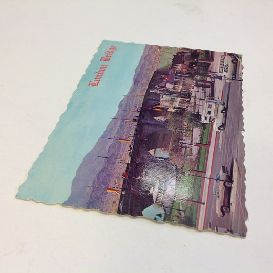 Vintage Petley Studios Souvenir Scalloped Edge Kolor View Color Postcard JV McLaughlin Photo Roadside View London Bridge and English Village Lake Havasu City Arizona
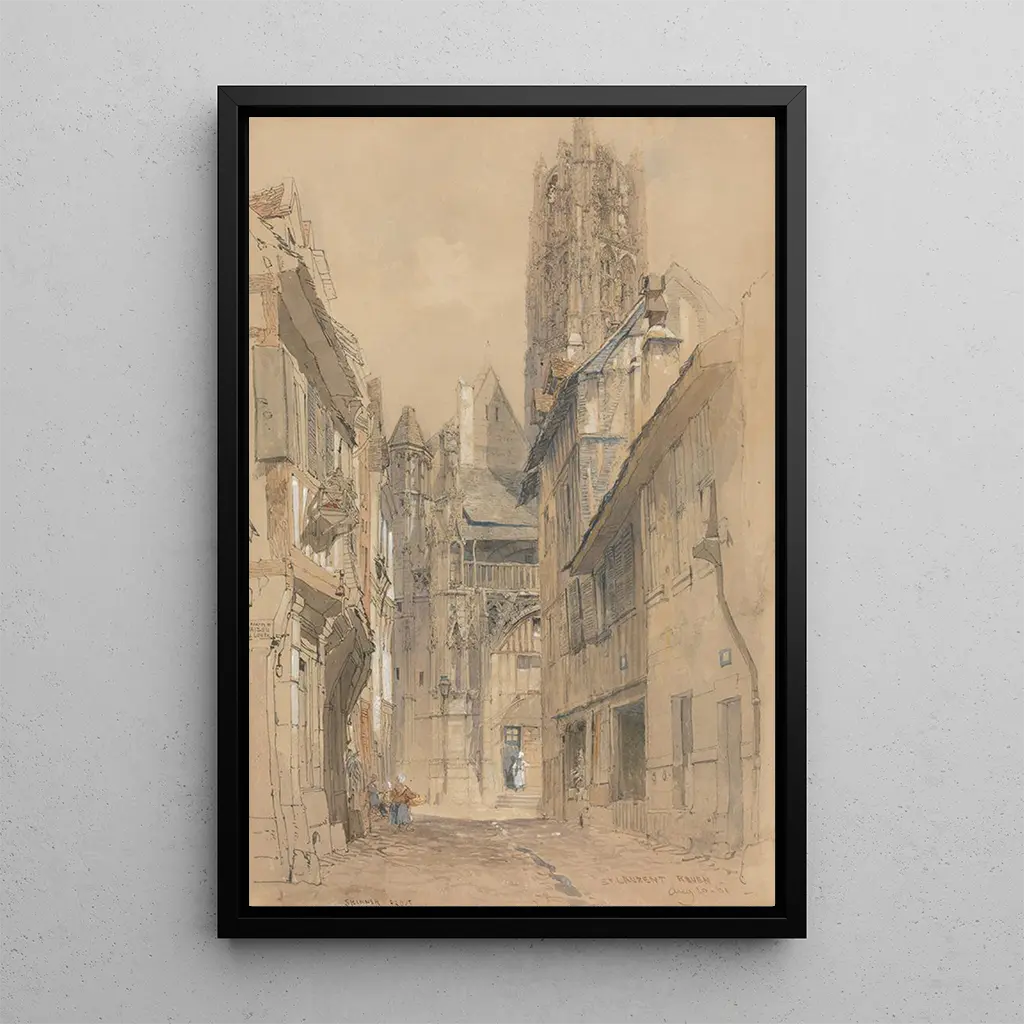 John Skinner Prout, peintre britannique du XIXe siècle, est une figure emblématique du mouvement romantique. Sa passion pour la nature et l'architecture l'a conduit à réaliser de nombreuses œuvres qui célèbrent le patrimoine culturel. Prout a su marier ses influences, notamment celles de Turner et de Constable, pour créer un style unique qui met en valeur la beauté des paysages et des monuments. Son travail autour de l'église Saint-Laurent témoigne de son engagement à immortaliser les sites historiques, offrant ainsi un précieux aperçu de l'époque victorienne.
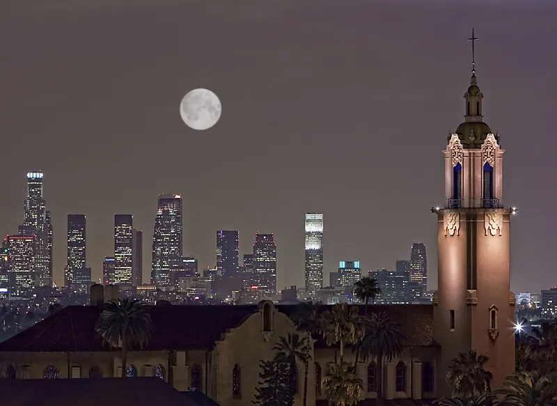 Photo Story: You are looking at downtown Los Angeles taken from on top of the Highland/Hollywood Center where the Kodak Theatre is. The church is in Hollywood.
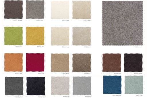 FOCUS - to miękka dzianina. Idealna dla wielbicieli tkanin przyjemnych w dotyku i z miękki włosem. Proponowane poniżej kolory są z kolekcji tkanin łatwoczyszczących. Wybierz kolor dla siebie i ciesz się długim użytkowaniem.
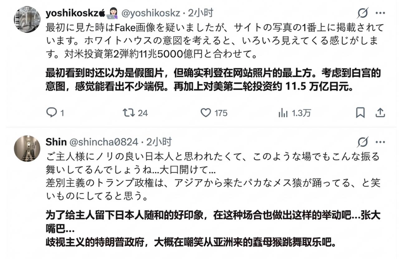 高市访美不出意外的话,将给日本、乃至世界留下了历史“遗产”。 首先国际层面,高市的访美,让世界看到了标准的“谄媚”举止。见怪不怪,高市与特朗普的几次会面,犹如小鸟依人,尤其是近日的访美,除奉上巨额投资,其夸张的动作、扭曲的表情,将特朗普称赞为给世界带来和平的人,可以说高市把“谄媚”运用的炉火纯青,哄的特朗普满脸堆笑。“谄媚外交”,不出意外会成为高市留给世界最标准的历史“遗产”,尤其是面对特朗普时。 接下来高市访美给日本留下了什么,一张可以载入日本史册的照片。极度扭曲的日本首相与张力自如的美国总统,而且是由美国白宫对外发布的照片,即便登陆美国时代周刊也不为过。但这张照片,已经让日本社会坐不住了,日本政府紧急发布了一个由日方拍摄的访美视频欲为高市挽回颜面,但日本政府好像忘了,这张照片早已在世界各地传播出去,这应该就是高市访美留给日本的一个无法释怀的“文化遗产”。
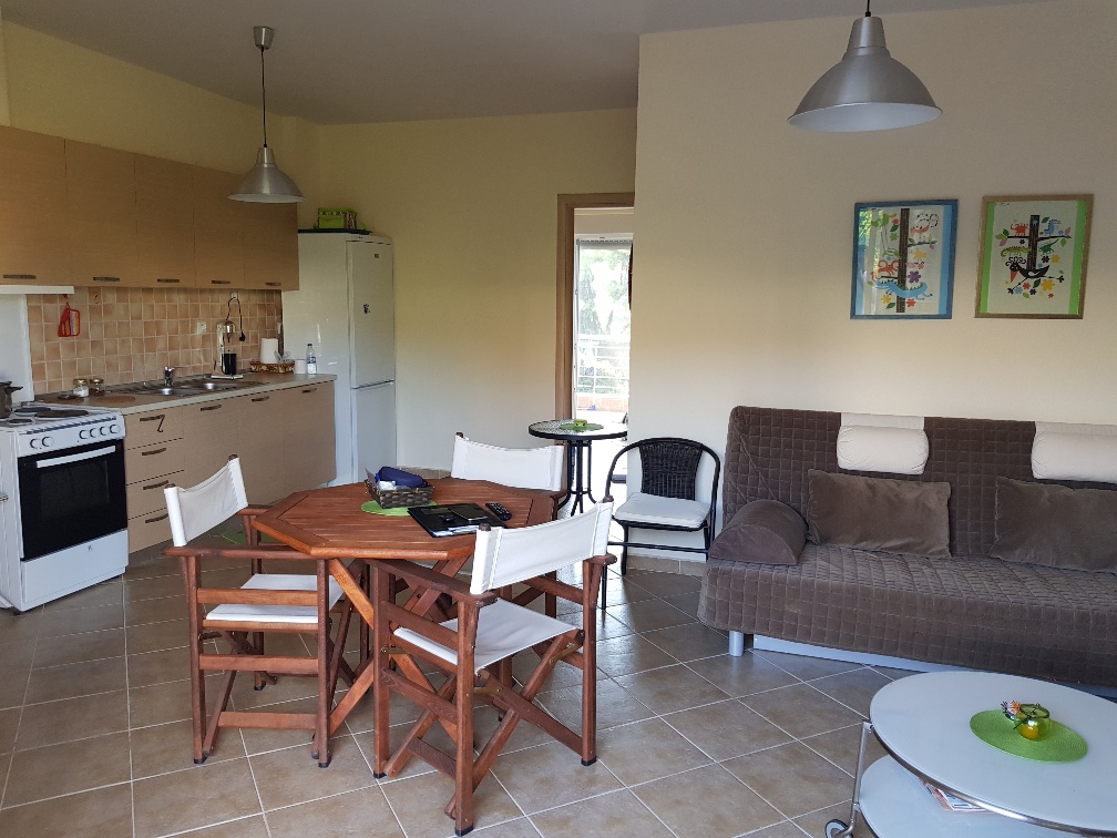 Продается квартира площадью 60 кв.м на полуострове Кассандра, региона Халкидики. Квартира расположена на втором этаже и состоит из 2 спальных комнат, гостиной с кухней, одной душевой комнаты. Из окон открывается вид на море, на горы, на лес. Недвижимость продается с мебелью. К недвижимости относится парковочное место.
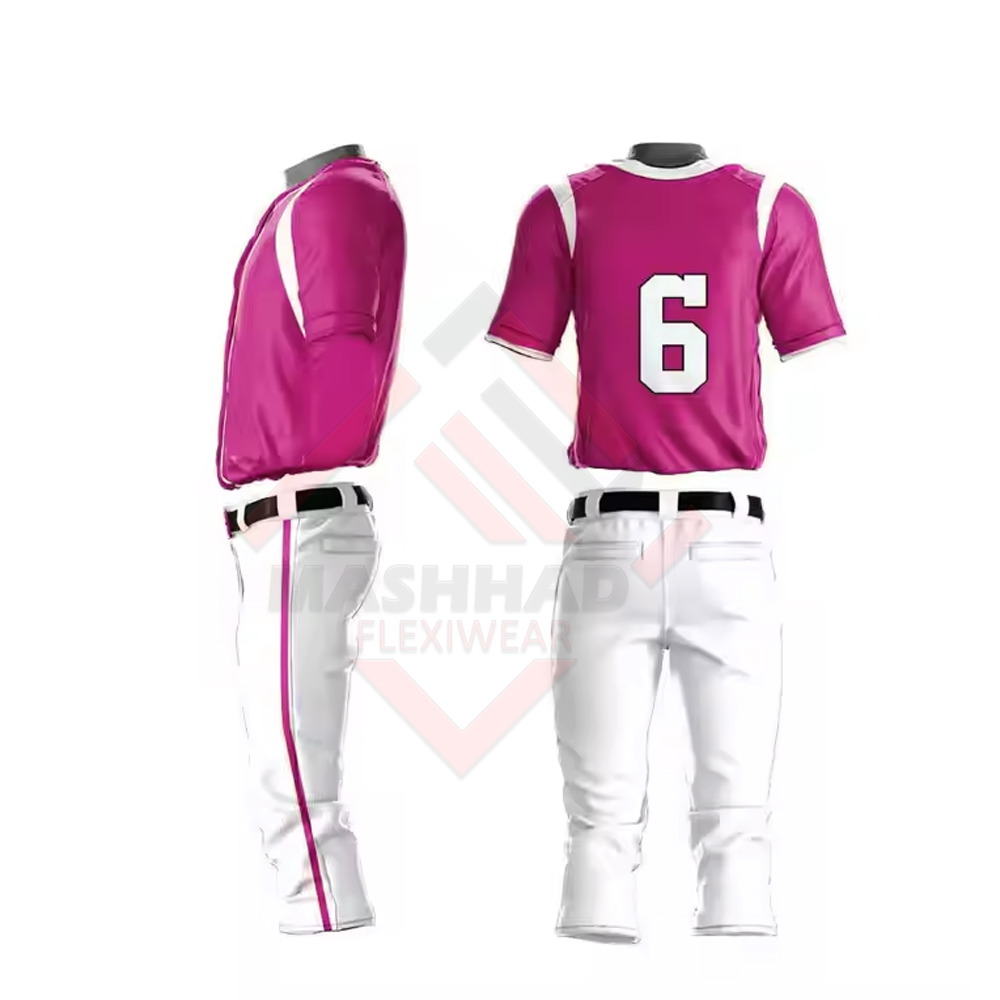 A baseball uniform includes a button-up jersey with the team name or logo on the front and the player's number on the back, often made from durable, breathable fabric. It is paired with matching pants that may be worn long or tucked into high socks, along with a belt for a secure fit. The full uniform is completed with a cap, cleats for traction, and optional accessories like batting gloves or arm sleeves.

— Problem statement —
Print exactly what appears from the first line of the listing above down to the line containing "John Skinner Prout, peintre", inclusive, and leave out all pictures.

— Result below —
 Vintage Petley Studios Souvenir Scalloped Edge Kolor View Color Postcard JV McLaughlin Photo Roadside View London Bridge and English Village Lake Havasu City Arizona
 John Skinner Prout, peintre britannique du XIXe siècle, est une figure emblématique du mouvement romantique. Sa passion pour la nature et l'architecture l'a conduit à réaliser de nombreuses œuvres qui célèbrent le patrimoine culturel. Prout a su marier ses influences, notamment celles de Turner et de Constable, pour créer un style unique qui met en valeur la beauté des paysages et des monuments. Son travail autour de l'église Saint-Laurent témoigne de son engagement à immortaliser les sites historiques, offrant ainsi un précieux aperçu de l'époque victorienne.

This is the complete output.